What are the health problems caused by HPV in men?
Most men who get HPV (of any type) never develop any symptoms or health problems. But some types of HPV can cause genital warts. Other types can cause cancers of the penis, anus, or oropharynx (back of the throat, including base of the tongue and tonsils.) The types of HPV that can cause genital warts are not the same as the types that can cause cancer.
Note: Anal cancer is not the same as colorectal cancer. Colorectal cancer is more common than anal cancer, and is not caused by HPV.
How common are HPV-related health problems in men?
About 1% of sexually active men in the U.S. have genital warts at any one time.
Cancers of the penis, anus and oropharynx are uncommon, and only a subset of these cancers are actually related to HPV. Each year in the U.S. there are about:
400 men who get HPV-related cancer of the penis
1,500 men who get HPV-related cancer of the anus
5,600 men who get cancers of the oropharynx (back of throat), but many of these cancers are related to tobacco and alcohol use, not HPV.

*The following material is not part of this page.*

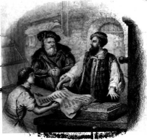
THE FIRST PRINTED BIBLE

As if to reach the noblest purpose to which the art would ever be applied, the first book printed with moveable metal types and as beautifully was the BIBLE. Page 750

Some men are more likely to develop HPV-related diseases than others:
Gay and bisexual men (who have sex with other men) are about 17 times more likely to develop anal cancer than men who only have sex with women.
Men with weakened immune systems, including those who have HIV, are more likely than other men to develop anal cancer. Men with HIV are also more likely to get severe cases of genital warts that are harder to treat.
What are the signs and symptoms?
Most men who get HPV never develop any symptoms or health problems. But for those who do develop health problems, these are some of the signs and symptoms:
One or more growths on the penis, testicles, groin, thighs, or in/around the anus.
Warts may be single, grouped, raised, flat, or cauliflower-shaped. They usually do not hurt.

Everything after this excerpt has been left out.